Ich hab das Buch mir gekauft 
Sehr empfehlenswert. Die Herangehensweise mit den beiden Hirnhälften ist wirklich interessant.



			Dieser Inhalt steht nur eingeloggten Mitgliedern zur Verfügung.


----------



## Veriquitas (13. Oktober 2022)

Ist auf jedenfall ne gute Investition und jeden Cent wert, besseres für die Grundlagen gibt es glaub ich auch nicht.


----------



## AzRa-eL (13. Oktober 2022)

Veriquitas schrieb:


> Ist auf jedenfall ne gute Investition und jeden Cent wert, besseres für die Grundlagen gibt es glaub ich auch nicht.
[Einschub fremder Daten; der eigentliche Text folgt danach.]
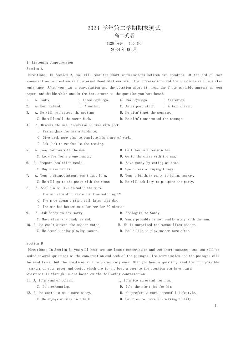 上海市黄浦区敬业中学高二下学期6月期末考试英语+答案

Danke auch nochmal für die Empfehlung hier im Thread!


----------



## Veriquitas (13. Oktober 2022)

Jo kein Thema.


----------



## RyzA (13. Oktober 2022)

AzRa-eL schrieb:


> Zeichnen ist ein Handwerk, welches jeder Mensch erlernen kann, sofern er bereit ist Zeit dafür zu geben. Natürlich gibt es Menschen, die Talent haben, aber prinizipiell kann es jeder lernen. Talent als absolutes Kriterium für's Zeichnen ist ein Mythos, der extrem tief sitzt bei vielen Menschen, weil die meisten halt auf einem kindlichem Niveau stehen geblieben sind, und die Fähigkeit zum Zeichnen nicht forciert wird in der Schule wie Rechnen, Grammatik etc.





Veriquitas schrieb:


> Um es kurz zu machen die leute die sowas wie Talent haben können die einzelnen Techniken vieleicht schneller lernen. Aber der fleissige wird immer alle überholen, das sagt dir jeder Artist. Es gibt fundamenteale Techniken wie Perspektive, Proportionen, die Gestalt usw. wenn man die beherrscht kann man zeichnen und malen.


Das sehe ich nach wie vor anders. 

Zeichnen kann zwar jeder lernen. Das ist richtig.
Aber man kommt auch mit Fleiß irgendwann nicht mehr über einen bestimmten Punkt (oder Level) hinaus.
Das gilt übrigens auch für andere Bereiche. Wie Musik.


----------



## Veriquitas (13. Oktober 2022)

RyzA schrieb:


> Aber man kommt auch mit Fleiß irgendwann nicht mehr über einen bestimmten Punkt (oder Level) hinaus.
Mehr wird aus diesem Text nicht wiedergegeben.